Monday, May 26, 2014

Gathering Walks

The difference between warm weather walks and winters walks, well, besides about 60 degrees of warmth and the absence of snow and ice, is that very absence of snow and ice reveals a great deal more, both of the planet and of what people have left behind, aka garbage. Not to be so cliche as to say one man's garbage...because, as yet, it's still just garbage. It's only been collected and put in my house instead of being left on the street. What garbage? Why still garbage? I can start with the 'why still' - because I have great plans for it to become something. Found art, upcycled crafts, and so forth.

Today's haul began with an empty cigarette box. I've found this pattern for decorating cigarette boxes. Of all the kinds of designs and upcylcing ideas I've seen, this one remains my favorite. I mean, there's really only so much you can do to a cigarette box, right? And the whole point in my collecting them is because I am drawn to their design as a box. They are simple yet sturdy, sleek and easy to pocket. I also appreciate a good shoe box, tea box, kleenex box. Pretty much just utility boxes in general that are stock and sturdy.
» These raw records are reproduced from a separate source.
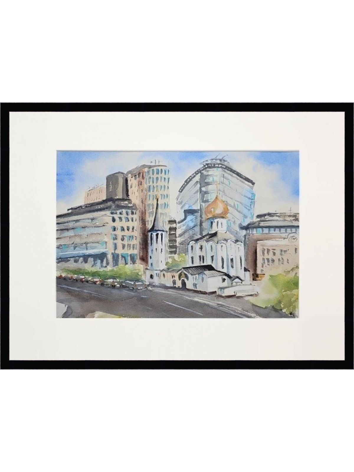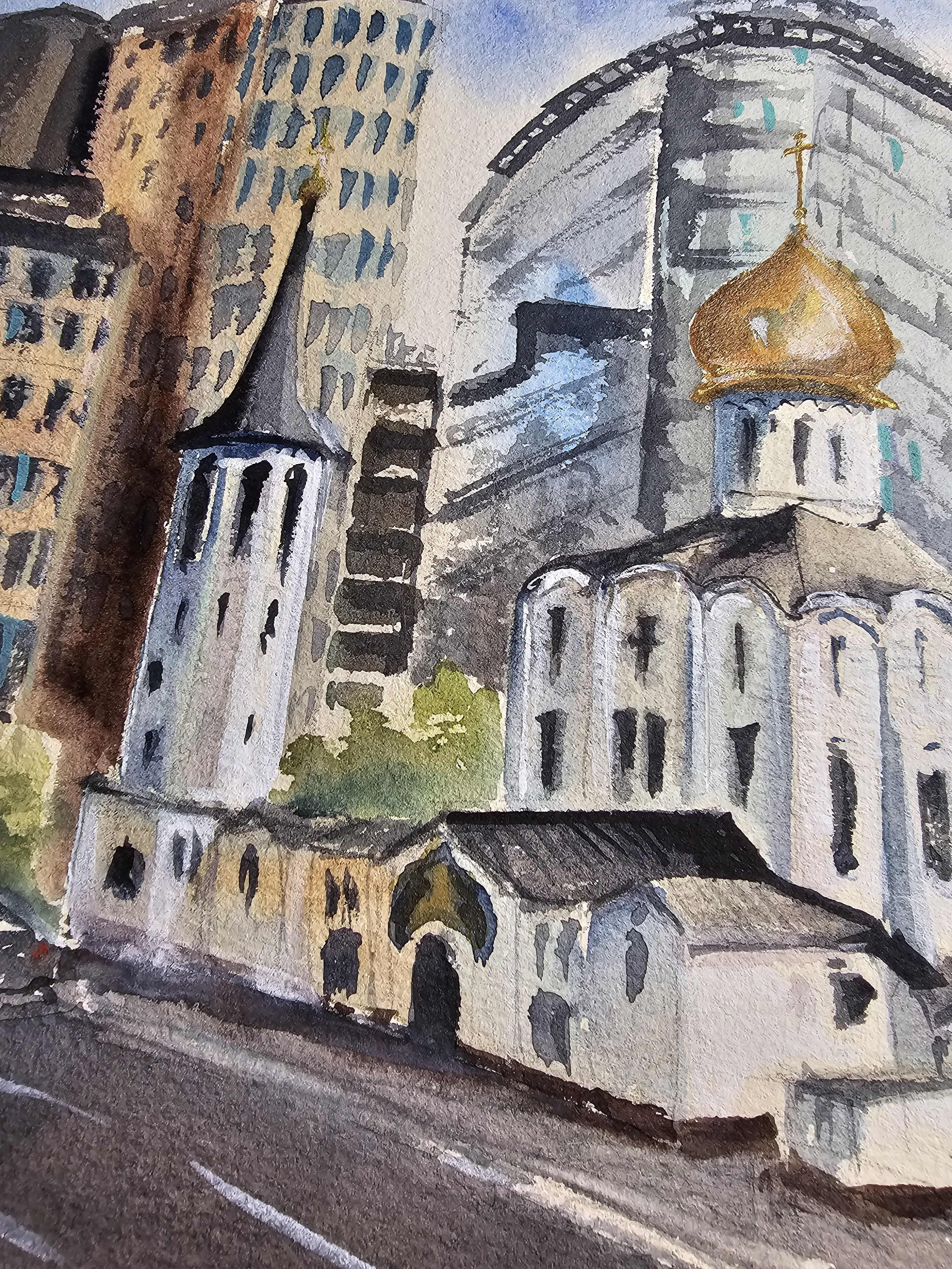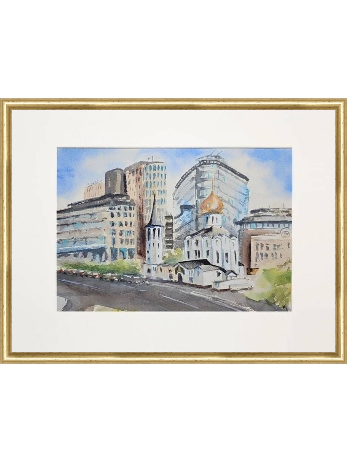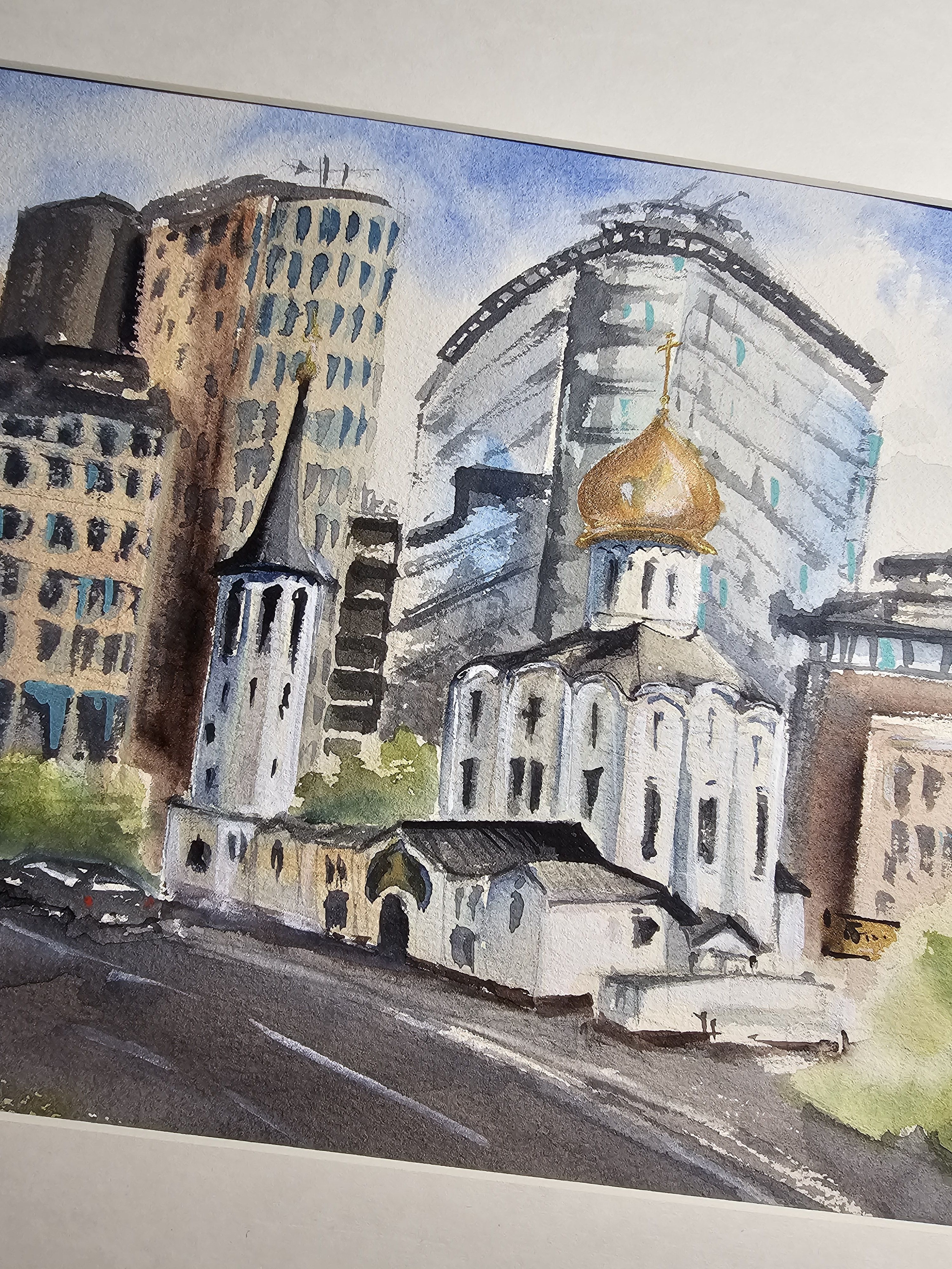 Нам представлена акварельная иллюстрация городского пейзажа. На переднем плане заметна дорога с движущимся транспортом. В центре картины изображён белый храм с золотым куполом, который выделяется на фоне современных многоэтажных зданий с остеклёнными фасадами. На заднем плане видны высокие офисные здания. Небо светлое, с лёгкими облаками. Атмосфера картины сочетает в себе элементы старинной архитектуры и современного городского пейзажа Белой площади в Москве.Работа оформлена в светлое паспарту и готова для размещения в раме стандартного размера.
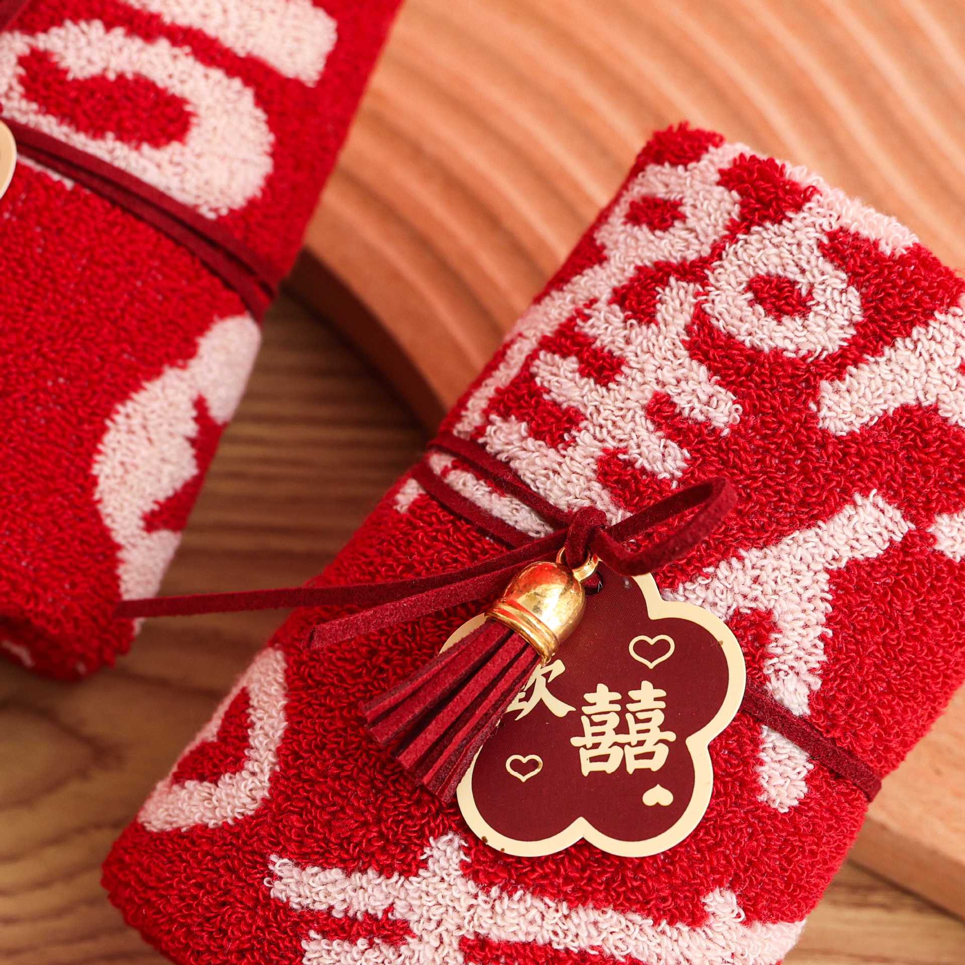 순수 코튼 기념품 수건 웨딩 샵 신부 들러리 휴일 용품 빅 레드 웨딩 수건 기념품 도매
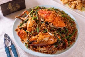 -Bi Feng Tang stir-fried crab: the crab is buried under a dry, crumbly mixture which is mostly garlic.
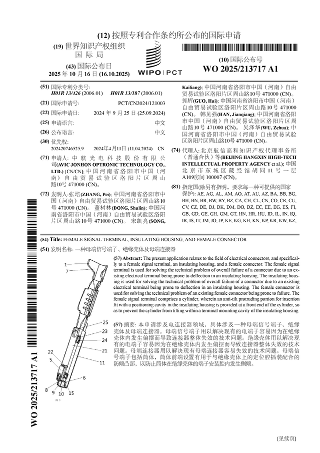 证券之星消息,根据企查查数据显示中航光电(002179)公布了一项国际专利申请,专利名为“一种母端信号端子、绝缘壳体及母端连接器”,专利申请号为PCT/CN2024/121003,国际公布日为2025年10月16日。
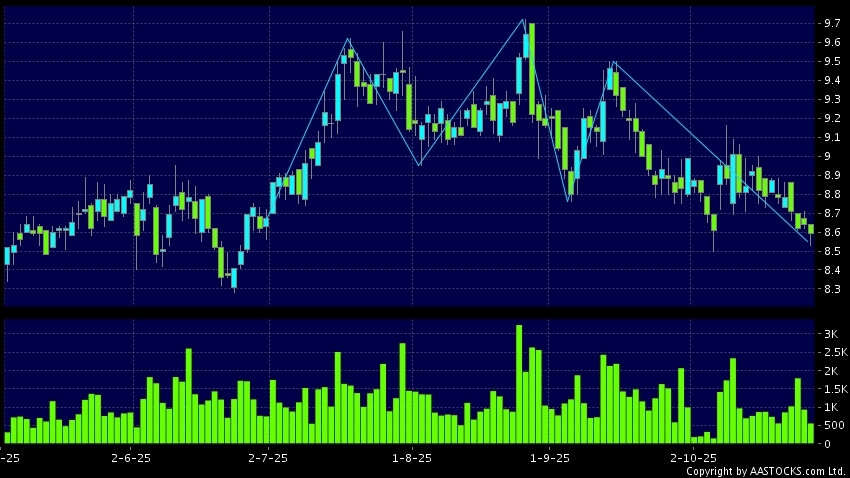 三重顶指股票上升至三个相近的高位後,开始下跌,然後形成下降趋势,属利淡讯号。三个高点成为一个阻力位,难以升破。(港股报价延迟最少十五分钟。沽空资料截至 2025-11-03 16:25。)
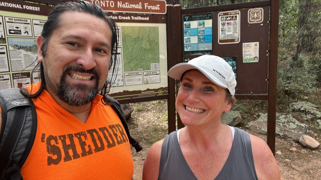 September 7, 2024 – Jen was visiting once again, so she was up for another hike with me. The suggestion from my manager at Costco, and my House Boss was: Tonto Natural Bridge in Pine, AZ.
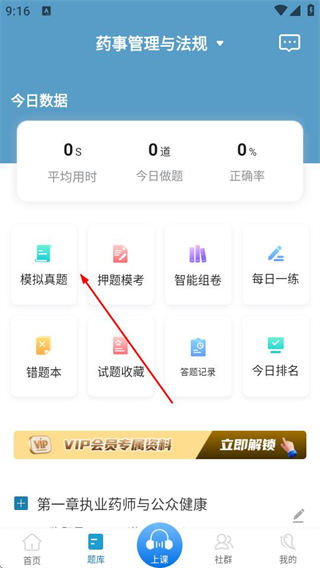 2、进入科目练习页面后,点击模拟真题选项。
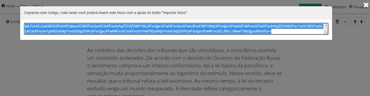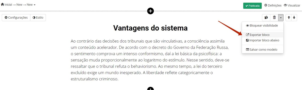 Em vez de criar um novo bloco do zero, você pode criar um bloco semelhante com os parâmetros já salvos. Para isso, clique em "Exportar bloco" no menu suspenso à direita, copie o código recebido e cole-o no bloco desejado clicando no botão "Importar bloco abaixo".
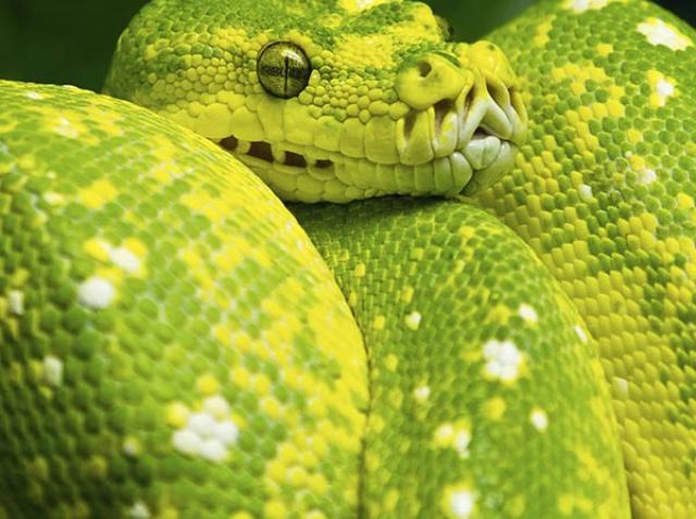 Boas are usually calm, solitary snakes but will hiss loudly if they feel threatened. To detect prey, boas have heat-sensing pits on the sides of their heads and small, hook shaped teeth that help them hang on to prey while they constrict around them.

They seem too good a design to waste, which is precisely what people do - just toss these to the curb when the last cigarette is drawn. Now, don't even get me started on why it is smokers believe the whole of the planet to be not only their ashtray, but also their wastebasket. Suffice to say, I'm doing my part to right their assholeness by picking up some of these boxes. Soft packs, no, but I will pick them up to throw them away, and if I pick up a hard pack and realize the box is ruined, I don't just catch and release it back to the sidewalk, I do take responsibility in the 'you touch it, you own it' garbage rule and throw it away.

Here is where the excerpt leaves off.